Unscheduled bleeding after 6 months of continuous-combined therapy or heavy bleeding on cyclic therapy warrants transvaginal ultrasound to measure endometrial thickness [11]. An endometrial thickness of 4 mm or less in a postmenopausal woman has a negative predictive value exceeding 99% for endometrial cancer. Endometrial biopsy is indicated if the stripe exceeds 4 mm or if bleeding persists despite a thin stripe.

Periodic Reassessment

The 2022 NAMS position statement recommends that HRT (including the progesterone component) be reassessed annually with an individualized risk-benefit discussion [6]. There is no mandatory stop date, but the rationale for continued use should be documented at each visit.
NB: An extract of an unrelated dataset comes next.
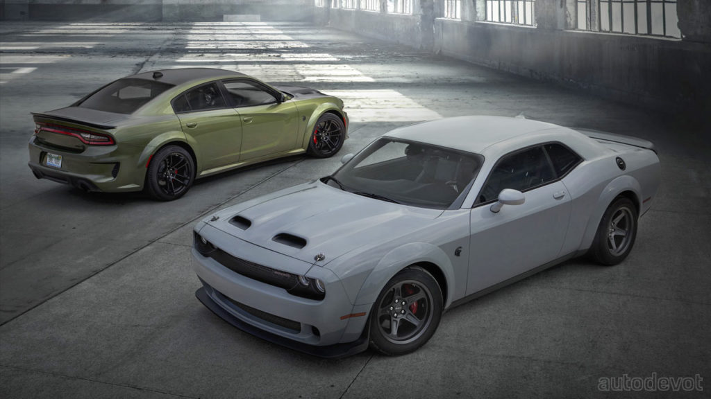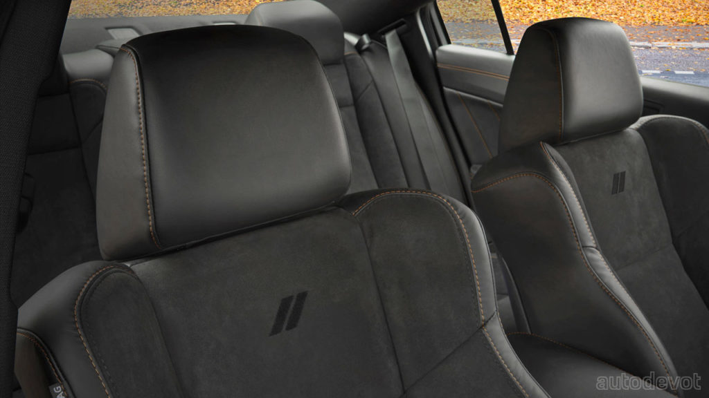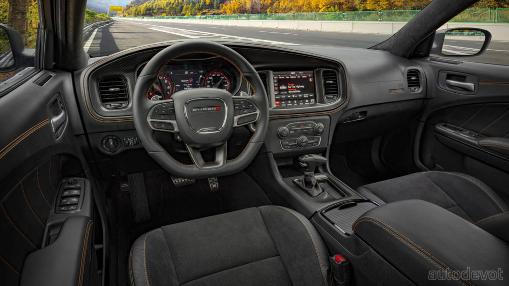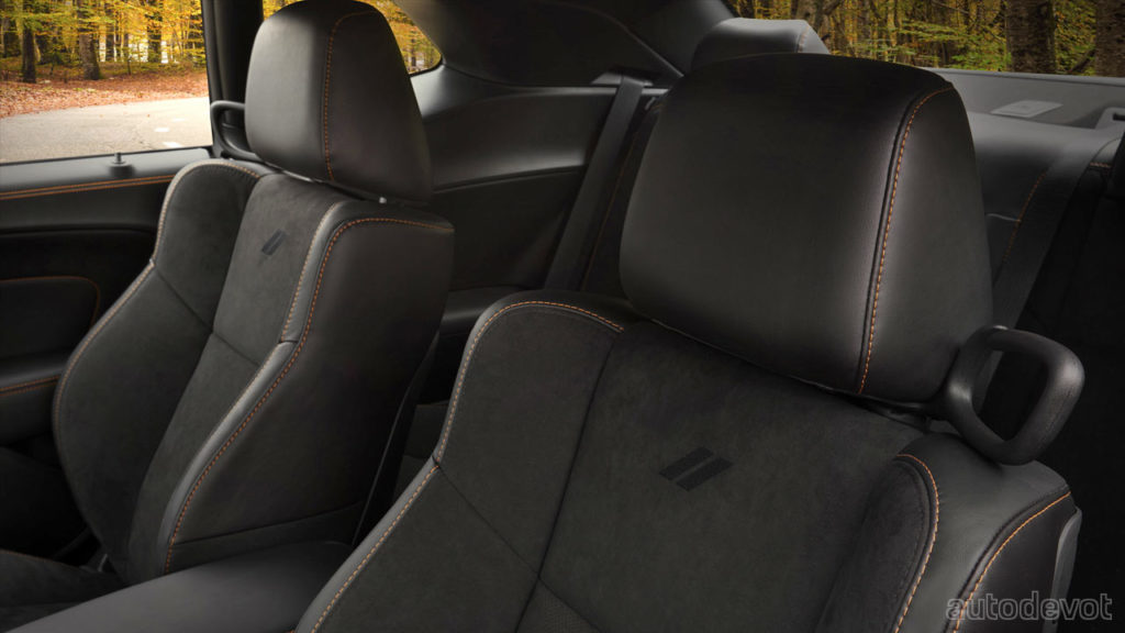 The dark-themed cockpit features orange contrast stitching on the dashboard, door uppers and armrest, console lid, shifter boot, steering wheel, and also on the seats. Speaking of seats, the backrests feature a monochromatic Dodge Rhombi logo. For Scat Pack Widebody, an orange-and-black “392” badge adorns the dashboard.

Oral Micronized Progesterone vs. Other Progesterone Routes

Patients sometimes ask whether they should switch from oral to vaginal, transdermal, or injectable progesterone. The answer depends on clinical goals.

Oral vs. Vaginal

Oral delivery produces higher systemic metabolite levels (more sedation, potential sleep benefit). Vaginal delivery produces higher endometrial tissue levels with fewer systemic side effects [8]. For women who experience intolerable drowsiness or dizziness on oral dosing, vaginal insertion of the same capsule is a practical alternative.

Oral vs. Transdermal

Transdermal progesterone creams are available over the counter but deliver unreliable and often sub-therapeutic serum levels. A systematic review by Stanczyk et al. Found that most OTC progesterone creams failed to raise serum progesterone above 3 ng/mL, insufficient for endometrial protection [12]. Oral micronized progesterone is the evidence-based choice when endometrial opposition is the clinical goal.

Oral vs. Intramuscular

Intramuscular progesterone in oil achieves higher and more consistent serum levels but requires painful gluteal injections, risks injection-site reactions, and is inconvenient for long-term HRT. Its use is appropriate in fertility medicine, not for routine menopause management.

Practical Tips for Patients

A few non-obvious points improve adherence and outcomes with this medication.
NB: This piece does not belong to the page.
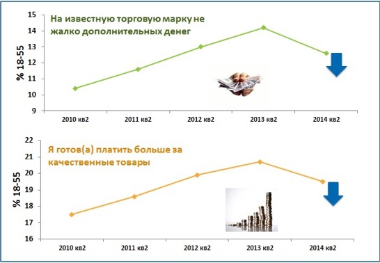 Кроме этого, российские потребители в меньшей мере стремятся переплачивать за бренд и более качественные товары. По сравнению с прошлым периодом, на 11% снизилось число россиян, готовых тратить дополнительные средства на известную торговую марку.

Short list of things that matter: take it at the exact same time each night. Pair it with a fat-containing snack, even a tablespoon of peanut butter or a few cheese crackers. Expect drowsiness in the first two weeks. Do not drive or operate machinery within 2 hours of dosing until you know how the drug affects you.

If you are using the capsule vaginally (as directed by your provider), insert it at bedtime while lying down. Some capsule shell residue may be expelled the following morning. This is normal and does not indicate failed absorption. The progesterone itself absorbs through the vaginal mucosa within 4 to 6 hours.

Report any persistent unscheduled bleeding beyond the first 3 months of continuous therapy. A single episode of spotting is rarely significant, but a pattern warrants evaluation.